_The task_: From the line with "何もしていない状態でも約千ほどのスレッドが働いています。" to the final line of the data below, please write out every line exactly, with no pictures.

_Given material_:
========================================================================
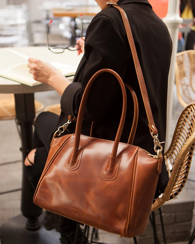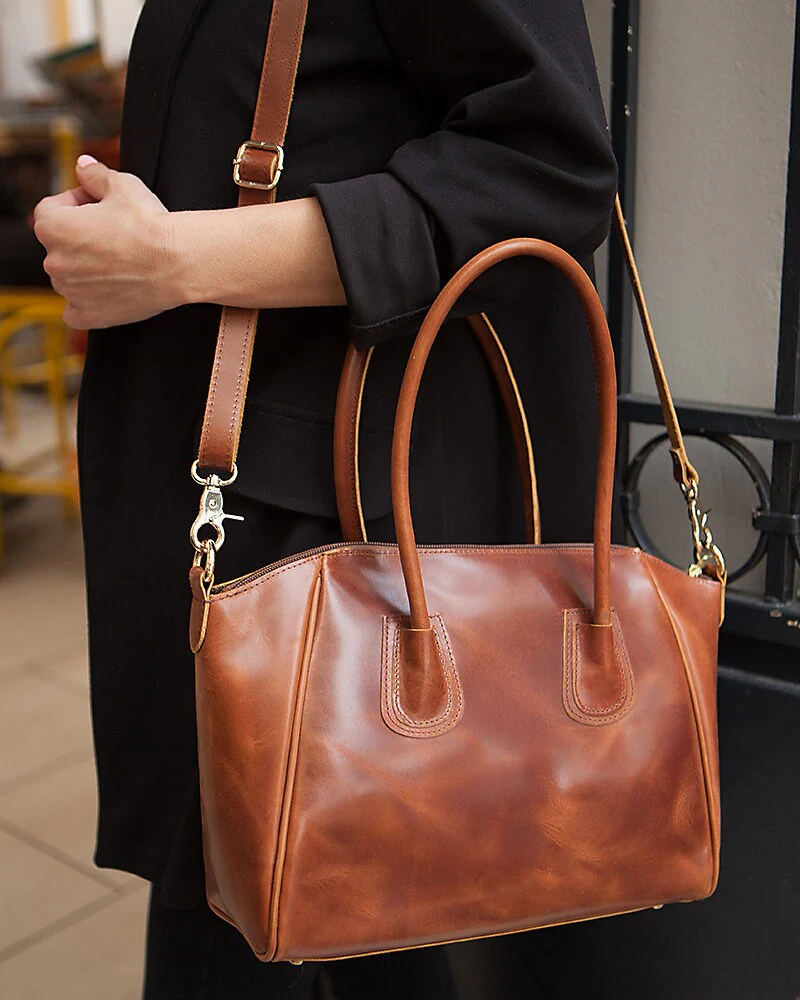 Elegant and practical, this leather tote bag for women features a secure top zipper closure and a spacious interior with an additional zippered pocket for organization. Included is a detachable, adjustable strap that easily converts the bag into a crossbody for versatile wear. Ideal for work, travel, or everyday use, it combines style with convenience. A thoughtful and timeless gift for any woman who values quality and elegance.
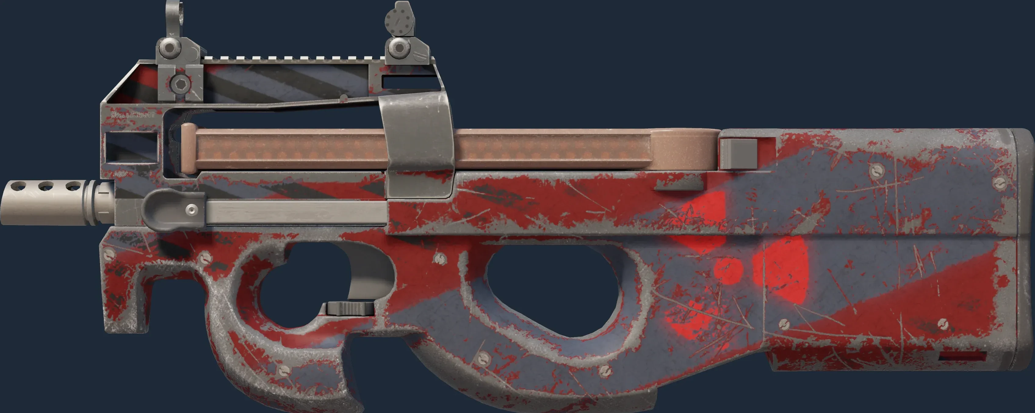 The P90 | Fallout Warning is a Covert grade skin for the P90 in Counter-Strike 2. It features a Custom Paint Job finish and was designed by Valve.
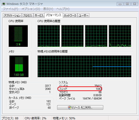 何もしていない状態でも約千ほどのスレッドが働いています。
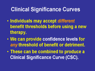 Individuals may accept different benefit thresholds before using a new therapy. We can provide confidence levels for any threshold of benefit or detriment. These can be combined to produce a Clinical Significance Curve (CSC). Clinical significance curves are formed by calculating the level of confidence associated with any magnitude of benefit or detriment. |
========================================================================
_Reply_:
 何もしていない状態でも約千ほどのスレッドが働いています。
 Individuals may accept different benefit thresholds before using a new therapy. We can provide confidence levels for any threshold of benefit or detriment. These can be combined to produce a Clinical Significance Curve (CSC). Clinical significance curves are formed by calculating the level of confidence associated with any magnitude of benefit or detriment. |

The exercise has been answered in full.